В.Л. Лехциер помнить о фуко: философская критика как «техника себя»

«... критическую онтологию нас самих, разумеется, надо рассматривать не как какую-то теорию, не как некое учение, ни даже как постоянную и важную часть накапливающегося знания, ее нужно понимать как установку, как этос, как философскую жизнь, в которой критика того, что мы есть, является сразу и историческим выявлением пределов, которые нам поставлены, и попыткой их возможного преодоления».

Мишель Фуко

В.А. Конев проинтерпретировал текст Фуко в плане реализованного в нем понимания социальной реальности как таковой и в ее наличном, современном существовании.

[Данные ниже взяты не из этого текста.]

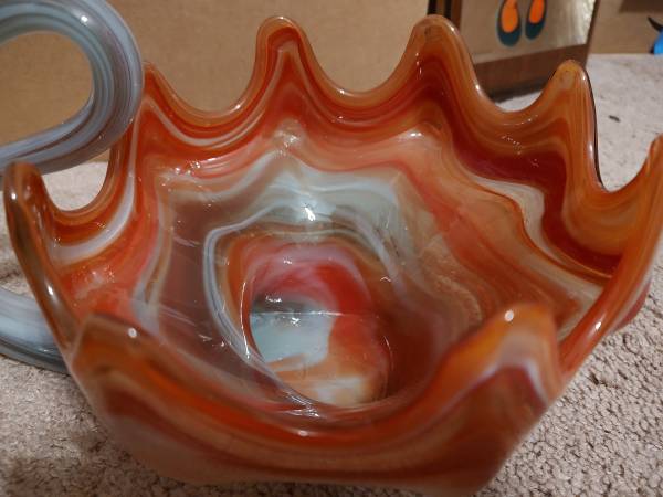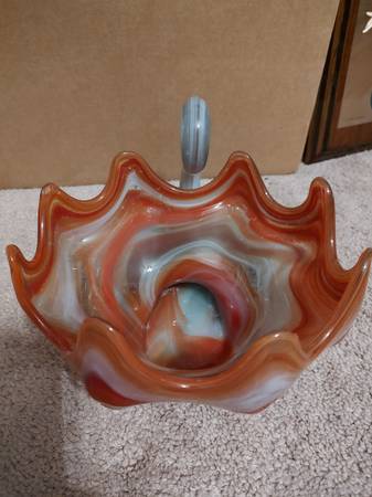 No chips or cracks. Very nice colors. Looks even better in person! Measures 11" long, 7" tall, and bowl opening is 8" wide. Asking $30. If interested, call or text show contact info

Я бы хотел высказаться о книге «Надзирать и наказывать» совсем в другой плоскости. Меня сейчас она интересует как определенная практика мысли, как способ применения разума, имеющий самое непосредственное отношение к экзистенции. Эта книга – веский аргумент в споре с теми, для кого разум себя окончательно и навсегда дискредитировал, для кого полнота жизни в лучшем случае возможна где-то в стороне от него.

Сегодня модно говорить о негативной роли разума в Новейшей истории. Разум скучен, утилитарен, самонадеян, утопичен, иногда преступен. Он не способен придать человеческой жизни, человеческому переживанию интенсивность и полноту. Он слишком бескровен и бесплотен, он может исчислять и проектировать, но не может заставить дышать свободней, не может стать полноценным опытом. Поэтому в философии и литературе ищутся альтернативы, ищутся «измененные состояния сознания», различные нерациональные обогащенные виды опыта. Так один из героев романа Фаулза «Волхв» в рамках разыгрываемого им психиатрического спектакля рассказывает о своем путешествии в качестве орнитолога в Норвегию, где с ним произошло подлинное преображение. Там он, некогда бывший член общества «Разумная инициатива», которое предписывало на протяжении всей своей жизни чтить разум превыше всего и научно искоренять неразумное, в какой бы форме оно не выступало, встретился с человеком, безумным полуслепым отшельником и религиозным маньяком-янсенистом Хенриком, человеком, реально пережившим чудо: он пережил встречу с богом, который, наконец, после долгих призывов отшельника снизошел к нему в виде огненного столпа. «Как вы догадываетесь, до этого момента я рассматривал жизнь с научной, медицинской, классифицирующей точки зрения... А тут я впервые усомнился в собственных принципах, убеждениях, пристрастиях. Ощущения человека на мысу не вмещались в рамки моей науки, моего разума, и я понял, что наука и разум ущербны, пока не воспримут то, что происходило тогда в голове Хенрика.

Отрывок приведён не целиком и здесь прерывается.